Monitor Program
Pechanga's Monitor Program helps us preserve and protect our cultural resources throughout our aboriginal territory. Pechanga Cultural Resources has supported this strong initiative for several years in order to fulfill this responsibility — to our land and to our children.
Our site-monitors supervise the land guided by traditional environmental knowledge, spiritual beliefs, and the ethical principles and practices of our People, in addition to using the best practices of non-native site monitors to full benefit. The goal is to sustain our environment, our traditional knowledge and to protect against developmental destruction.
Working Together as a Community
Our monitors participate in the California Environmental Quality Act (CEQA) for site assessment — this environmental review process includes all of the lead agencies from the county. Monitors work with more than five cities in one county advising new developments: the City of Temecula, Lake Elsinore, the City of Riverside, Hemet, and Escondido. They work with developers to protect and provide insight to various sites: pictographs, mortars, sacred/ religious, villages, pre-historic, and 200-10,000 years old. Their in-depth historical and traditional knowledge of our original aboriginal lands brings valuable practice to these efforts that would otherwise be unavailable.

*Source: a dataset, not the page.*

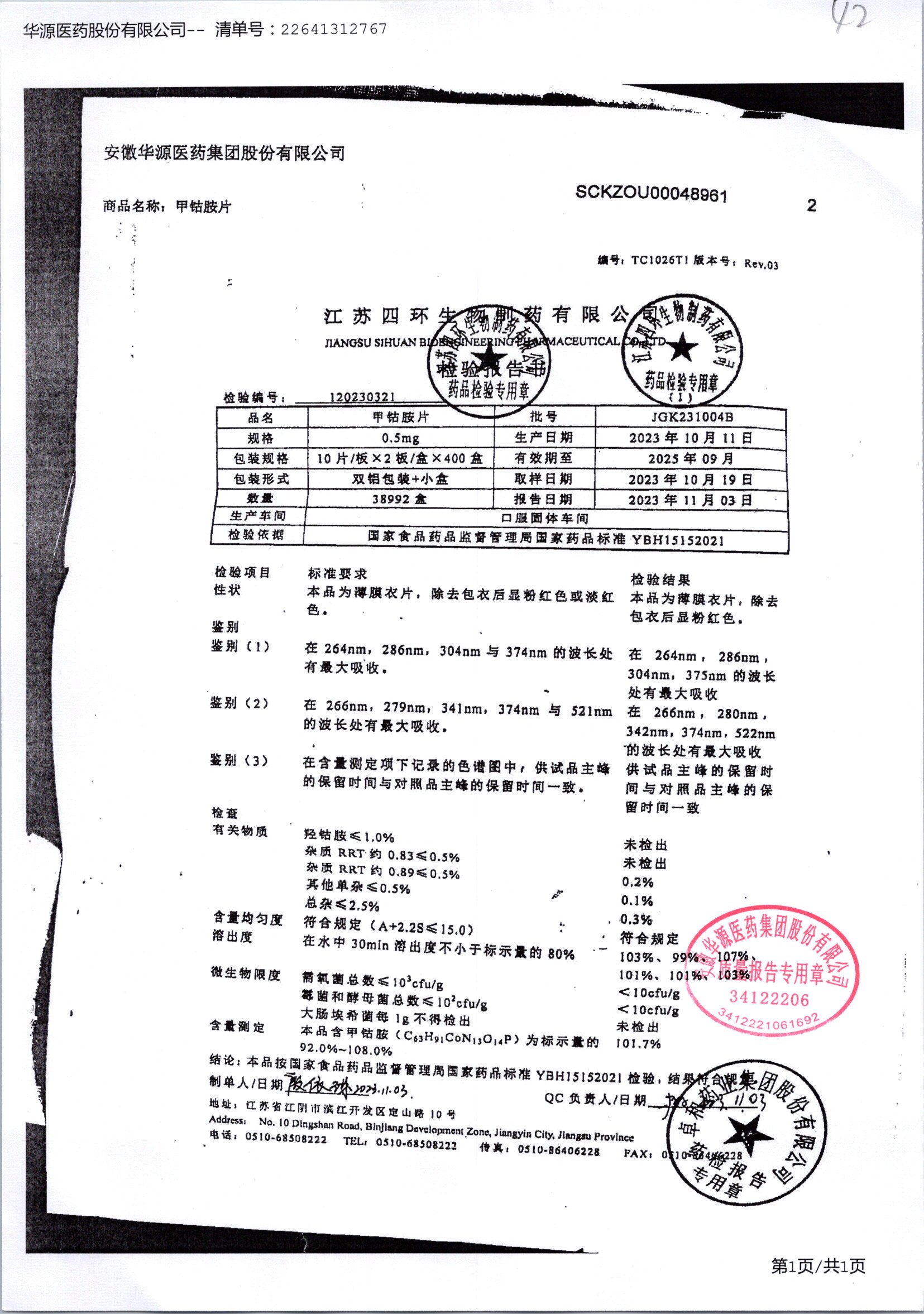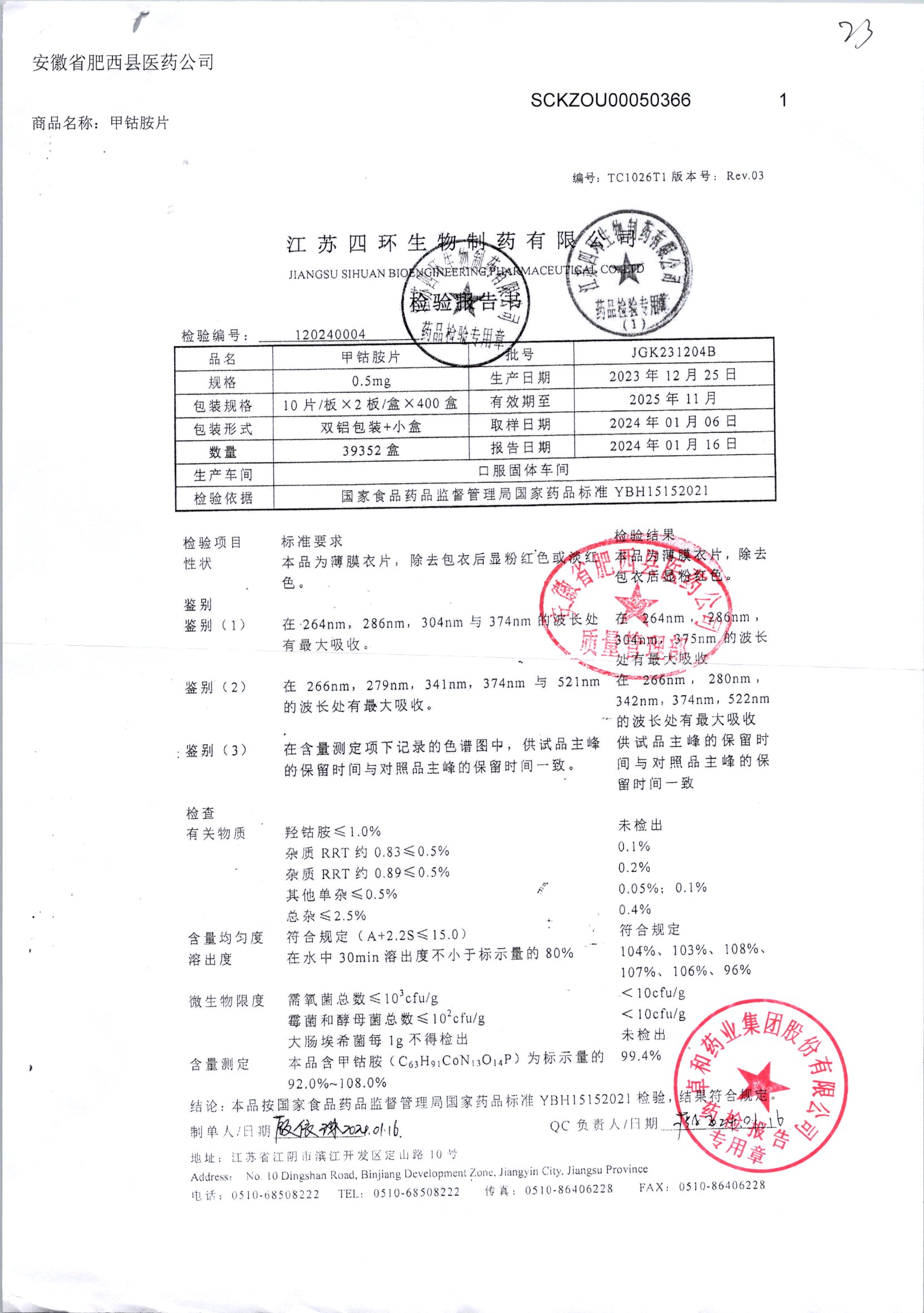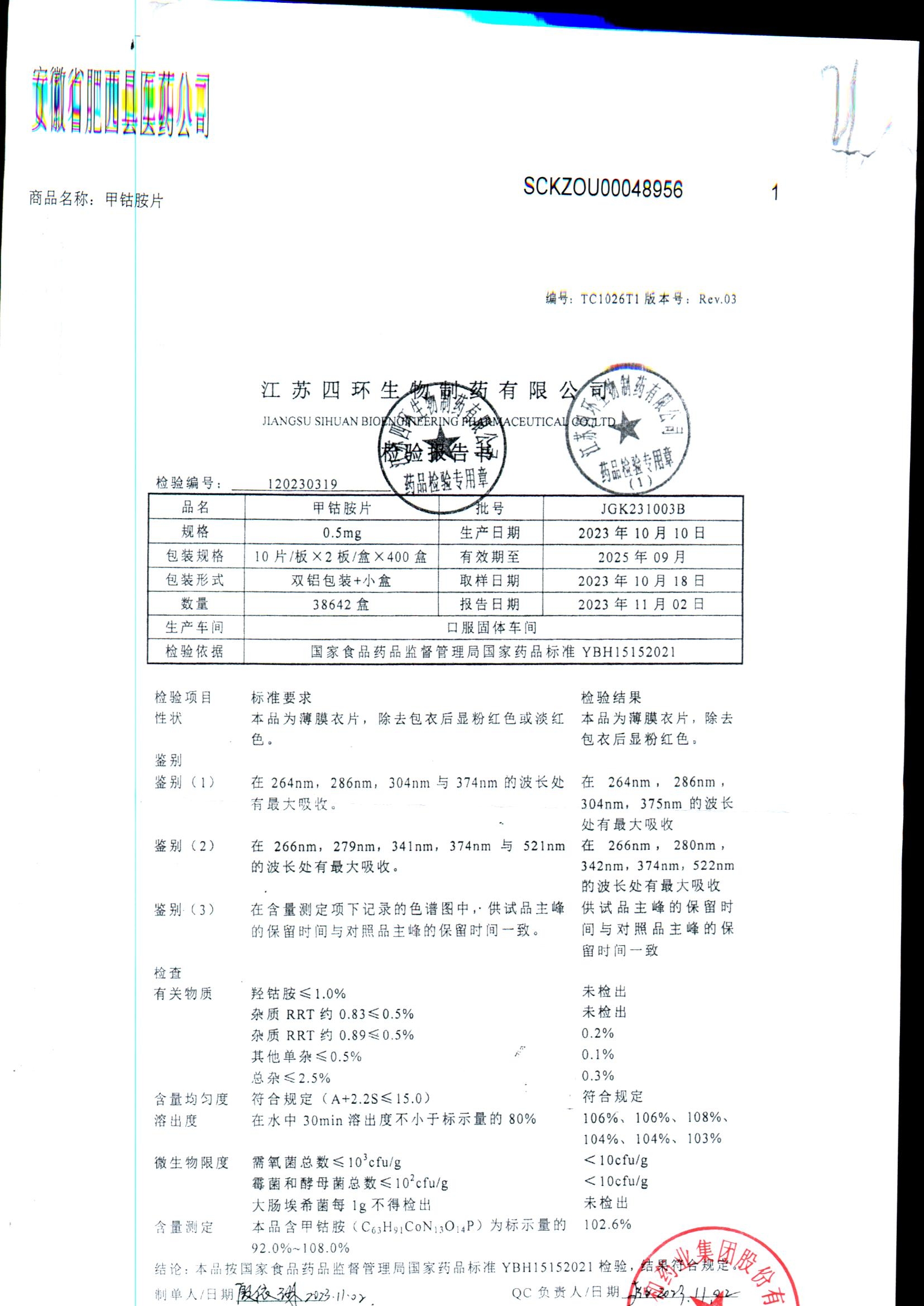 | 甲钴胺片 | 0.5mg | JGK231204B | 查看详情 |

Understanding the Land as It was
Many decisions in renewable resource management and environmental impact assessment depend on understanding the land as it was. The Pechanga ancestral lands, the territory of concern, is immense: several hundred square miles that run north to Riverside and Corona, east to Hemet, south to Escondido, and west to the coast from Agua Hedionda lagoon in the south to San Mateo Creek in the north. Monitoring this land for impact and change is a significant, almost daunting feat. Our monitors are currently overseeing more than 400 sites in only half of the land. When we can't stop all inappropriate development, we monitor — and when we are unable to preserve an entire area we monitor grading/ ground disturbing activities — we go out and watch the cutting of the ground on all native soil. Our specific knowledge allows us to appropriately identify and preserve important artifacts while we work side-by-side and increase the knowledge of nonnative archeological monitors too.

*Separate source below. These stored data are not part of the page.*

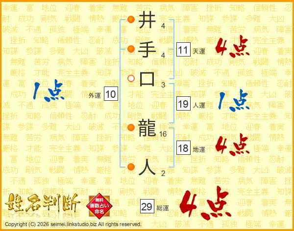 井(4画)手(4画)口(3画) 龍(16画)人(2画)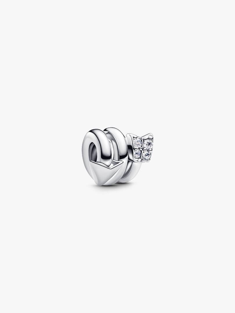 Feel hit by Cupid’s arrow with this romantic charm. Crafted from sterling silver, this meaningful piece features four bead-set cubic zirconia along the bow, adding a touch of sparkle. With its pointed tip and twisting de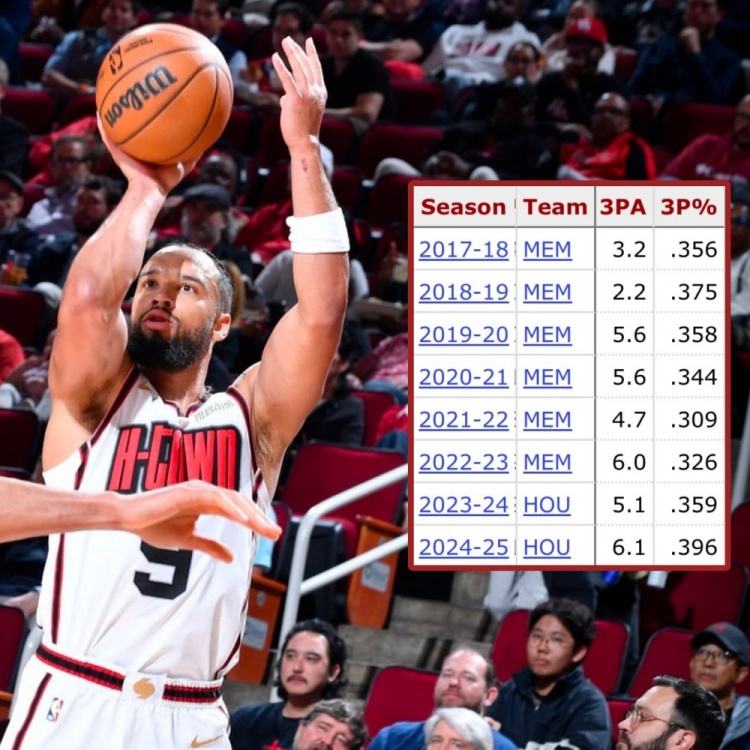 火記:狄龍本賽季場(chǎng)均三分出手6.1次&命中率39.6% 皆創(chuàng )生涯新高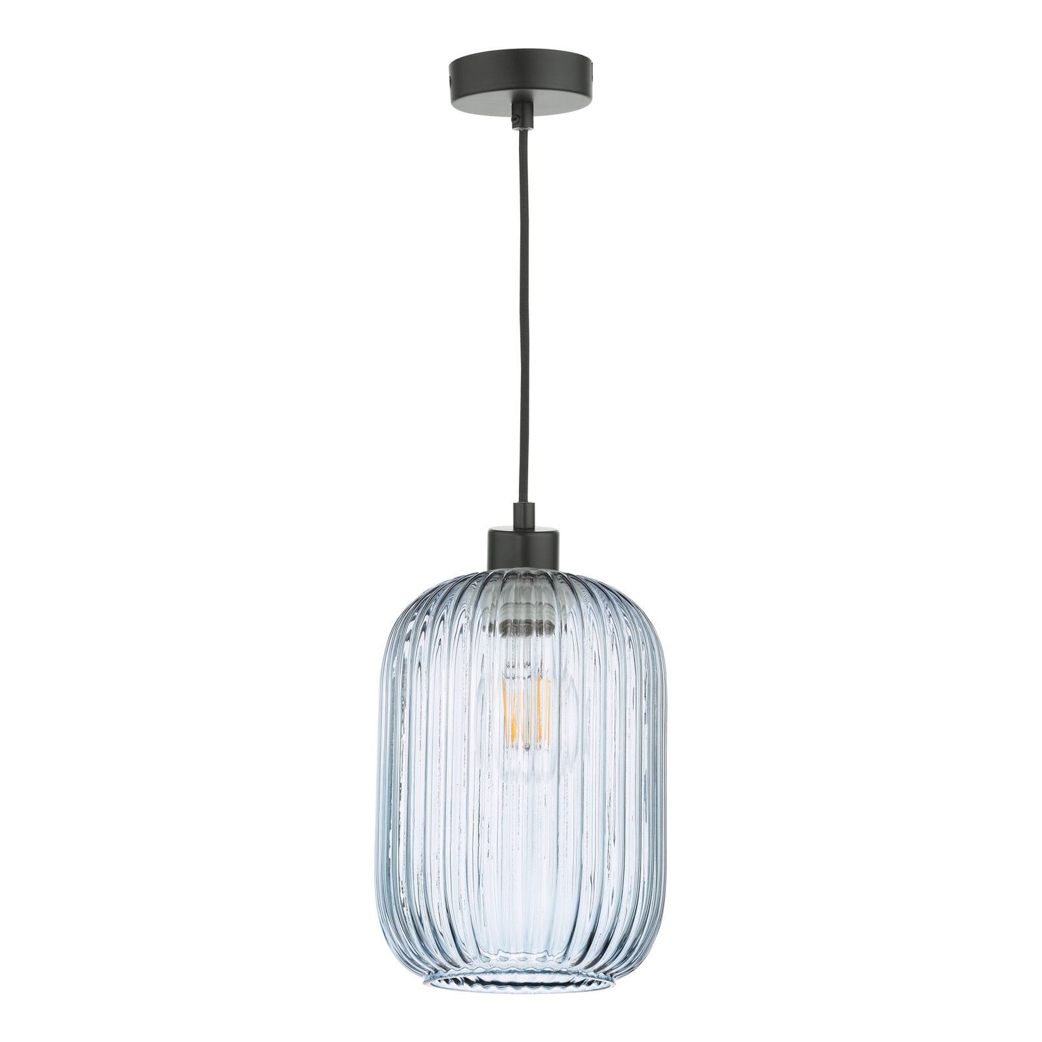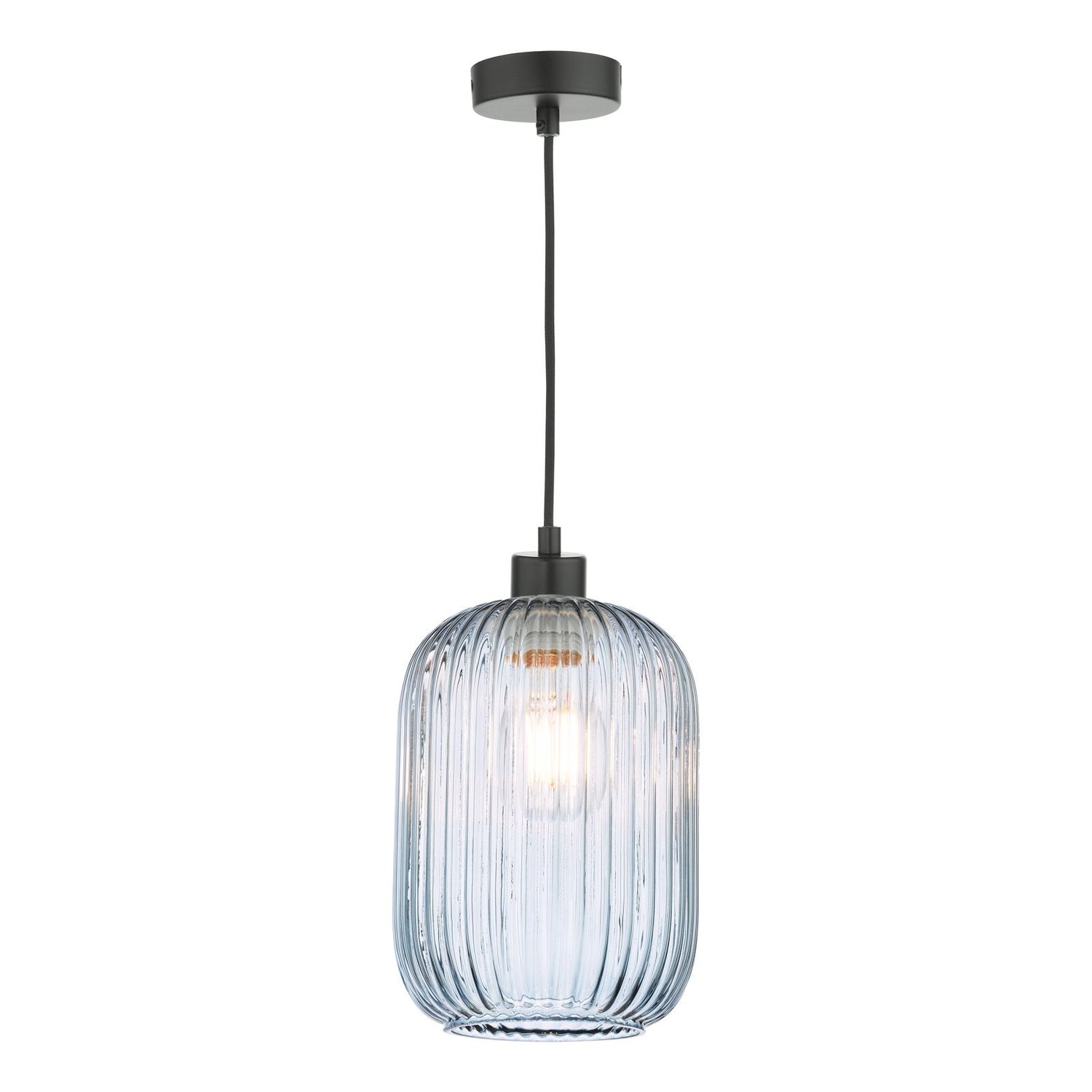 Sawyer Pendant Matt Black and Blue Ribbed Glass

A Program of Highest Standard
Pechanga's monitoring efforts include collaboration with academia, professionals and within our tribal nation. The result of our collaborations is a Monitoring Program that is a model nationwide. Pechanga has one of the largest tribal preservation effort in the nation. Our monitors have fused their goals with local environmental and development programs and scientific expertise of professional anthropologists and archaeologists, within a student-centered educational program. The outcome is a truly tribally focused, academically validated site monitor certification program that not only meets high professional standards, but serves as the platinum standard for the region, state, and nation.